Опять получается, что с какой-то стороны прав и Бескин. Нельзя выводить поэзию из империалистической войны или рабочего движения, но в каждую определенную эпоху всё взаимосвязано и порождает единый стиль. Это Шпенглер убедительно показал, автор для вульгарного социолога, конечно, чужой. Но ведь у Шпенглера мы находим и Африку, и империализм, и героя его Сессила Родса. Какие-то фундаментальные связи эпохи открываются всем, независимо от идеологических или просто культурных мотивировок. Современники, даже враждебные, в чем-то смотрят одинаково.


Вспоминается о Гумилеве и другое: суждение М.Л.Гаспарова, сказавшего: останься Гумилев жив, он бы перестроился и стал видным деятелем ЛОКАФа. Аббревиатура эта означает: Литературное объединение Красной Армии и Флота, созданное в середине тридцатых годов. Тут истина в том, что Гумилев очень подходил бы большевикам. Недаром же он породил единственно живое явление в советской поэзии (именно в советской, а не русской советского периода) – ту линию, что пошла от него через Николая Тихонова, Эдуарда Багрицкого и вплоть до Константина Симонова, начинавшего в той же линии, полководцы и полярные исследователи которого – сплошная гумилевщина.


Тихонов, вызывавший в двадцатые годы очень большие надежды, стоявший рядом с Пастернаком, прямо пошел по следам Гумилева – в экзотические страны.

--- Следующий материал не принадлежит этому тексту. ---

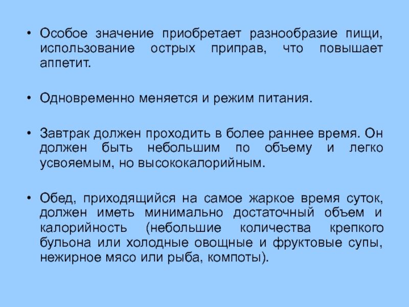 Особое значение приобретает разнообразие пищи, использование острых приправ, что повышает аппетит.

На этот раз это были среднеазиатские республики и, конечно, Кавказ. При этом в манере своей Тихонов ничего от Гумилева не воспринял; читая сейчас раннего Тихонова, видишь в нем что-то среднее между Пастернаком и Маяковским. Лучшей вещью тогдашнего Тихонова считается кавказская поэма «Дорога»; мне показалась очень интересной «Выра» – параллель пастернаковскому «Лейтенанту Шмидту». От Гумилева же у Тихонова – сам тип поэтической личности, вот этого «лирического героя», смелого землепроходца. И, конечно же, тут нельзя не вспомнить Киплинга, певца – уже без дураков – британского империализма и бремени белого человека. У Тихонова есть стихотворение «Фининспектор в Бухаре», вышедшее прямо из «Департаментских песен» Киплинга: будни Запада становятся героикой на Востоке. И у Тихонова, понятное дело, всяческое просвещение несет на Восток советская власть.


Вот заключительная главка поэмы 24-го года «Красные на Араксе»:



Поставь напрямик глаза,


Заострись, как у рыси мех,


Под чалмою шипит гюрза,


Под чадрою – измены смех.


Легкий клинка визг,


Крашеный звон купцов,


Крылатая мышь задела карниз, -


Так Азия дышит в лицо.


Неслышно, как в ночь игла, -


Для иных – чернее чумы,


Для иных – светлее стекла, -


Так в Азию входим мы.


Меняя, как тень наряды,


Шатая племен кольцо,


Так дышит снам Шахразады


Советская ночь в лицо.


Курдский прицел отличен –


Стоит слова литого,


Падает пограничник, -


Выстрел родит другого!


Что в этом толку, курд?


Слышишь, в Багдаде золото


Так же поет, как тут,


Только на ваши головы.


Что же, стреляй! Но дашь


Промах – иль вновь не зря –


Будешь ты есть лаваш


Нашего тандыря.



В школе мы в обязательном порядке читали поэму Тихонова «Сами»: это имя индийского мальчика, узнавшего о существовании Ленина, которого он называет «Ленни». Помнится концовка: «Никогда теперь его не ударит Злой сагиб своим жестким стэком». Эта вещь была написана в 1920 году. Вениамин Каверин в мемуарах, говоря о предательстве Серапионова брата Тихонова, отмечает: вот уже как рано Тихонов начинал портиться. Тут сложнее: не столько – и не только! – Тихонов портился, сколько исчезали иллюзии какого-то нового пролетарско-русско-советского мессианизма, а Тихонов, которому была присуща некая глупая мальчишеская восторженность, с иллюзиями расстаться не мог. Герой-землепроходец оказался не пионером, а октябренком. Зато советская власть освободилась от иллюзий, и дальнейшая ее империалистическая экспансия, хоть в Европу, хоть в Азию и Африку, была уже не поэзией, а геополитикой. И ее фининспекторы уже не на конях сидели, а исключительно в департаментах. Но нельзя так уж совсем отрицать того, что поначалу поэзия была. Был Блок, написавший «Скифы». Давно уже было замечено, что эта вещь сделана по модели пушкинского «Клеветникам России». Пушкина называли певцом империи и свободы; но умный автор (Г.П. Федотов) тут же уточнял: Пушкин жил в ту, хотя и уходящую, эпоху, когда еще можно было империю отождествлять с просвещением, видеть в ней носителя культуры. Тем более не было высшей культуры в советском империалистическом экспорте – хотя бы и в Афганистан. Советская ночь не была светлее стекла.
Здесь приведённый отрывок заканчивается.